Ketika itu saya memilih skripsi sebagai Tugas Akhir, dan Pak Pri terpilih sebagai dosen pembimbing saya. Saya pikir bakal sulit asistensi ke Pak Pri karena beliau dosen tamu, tinggal di Bandung, cuma satu-dua minggu sekali datang memberi materi kuliah di kampus. Tidak bisa setiap saat bertemu beliau untuk berdiskusi soal TA. Akhirnya, kami (Pak Pri dan saya) sepakat untuk membahas proposal skripsi lewat email tiap minggu. Rintangan paling berat pada saat saya tengah menyusun skripsi adalah Papa saya meninggal karena penyakit yang sudah lama dideritanya. Tidak mau berlama-lama larut dalam kesedihan, saya terus lanjut menyusun skripsi supaya bisa lulus tepat waktu. Koreksi dan masukan di setiap bab oleh Pak Pri selalu saya tunggu di warnet dekat rumah. Sekali waktu saya sempatkan berkunjung naik kereta ke FSRD ITB bertemu beliau untuk asistensi. Meski hanya sebentar diajar dan dibimbing oleh Pak Pri, kenangannya sangat membekas buat saya. Beliau bukan hanya seorang guru tapi juga bapak sekaligus kawan bagi anak-anak didiknya. Beliau pun pribadi yang bersahaja, baik, dan lucu suka bercanda.
Setelah dinyatakan lulus oleh para penguji sidang, saya jarang datang ke kampus lagi karena kesibukan. Sesekali ke kampus jika memang ada hal penting yang harus diurus di sana. Namun, saya berusaha terus menjalin silaturahmi dengan beberapa dosen saya. Bila hari raya atau pergantian tahun tiba, saya suka mengirim SMS ucapan selamat ke teman, saudara, dan guru. Ada satu balasan SMS dari Pak Pri yang masih saya simpan sampai sekarang (rasanya sayang untuk dihapus) di kotak masuk telepon genggam butut saya. "makasih Dian, sama2 maaf lahir batin dan slmat idul fitri 1431h, smoga memperoleh berkah berlimpah, ttp semangat n kreatif ya, amin wassalam_kel. priyanto-s (13/09/2010)". Hari Raya Idul Fitri tahun 2013 pun beliau masih sempat membalas SMS ucapan selamat Lebaran dari saya dengan, "masih menggambar kan?"

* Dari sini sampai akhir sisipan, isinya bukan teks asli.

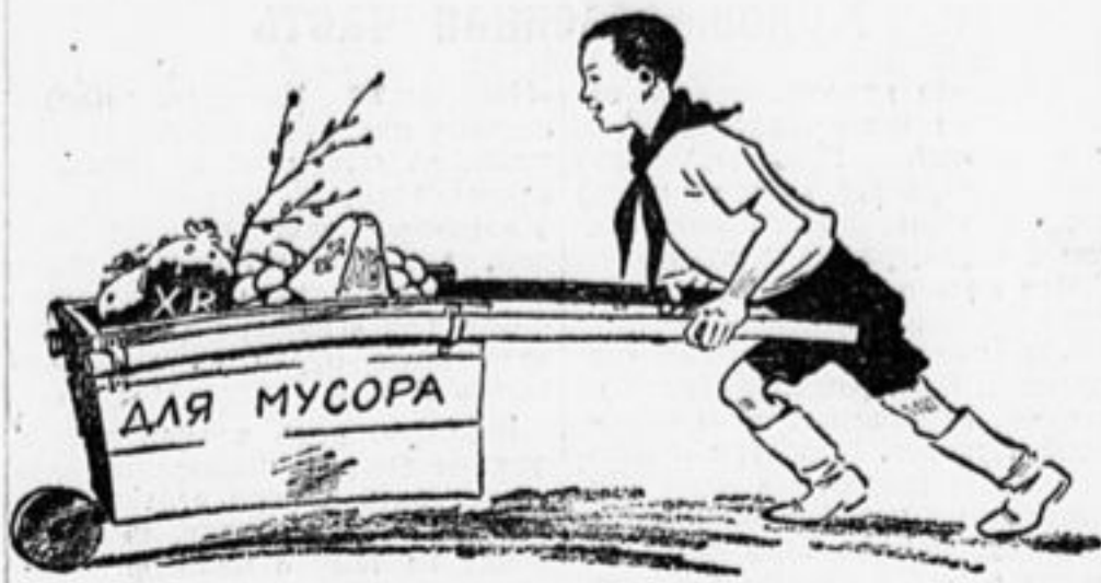
Рисунок, не требую щий пояснений.

Hingga suatu hari, sekitar bulan Juli, tidak sengaja saya membaca kicauan seseorang di media sosial. Pak Pri S dosen FSRD ITB, butuh darah A, RS. Borromeus - Bandung, dikarenakan kondisi kesehatannya menurun. Saya hanya bisa bantu doa, berharap beliau baik-baik saja dan bisa lekas pulih. Selang beberapa bulan kemudian saya kembali mendapati kicauan berita duka wafatnya Bapak Priyanto Sunarto, dosen ITB dan kartunis TEMPO, di Bandung (Rabu, 17 September 2014). Saya benar-benar sedih. Sakali lagi, saya hanya bisa mengirimkan doa. Semoga seluruh amal ibadah baik beliau semasa hidupnya diterima Allah SWT dan keluarga yang ditinggalkan selalu diberi ketabahan. Amin.
"Menggambar, terus menggambar, selalu menggambar." Selamat jalan, Pak Pri. Terima kasih banyak atas pengabdian, ilmu serta karyamu. Kini Bapak bisa kembali menggambar dengan damai tanpa ada rasa sakit.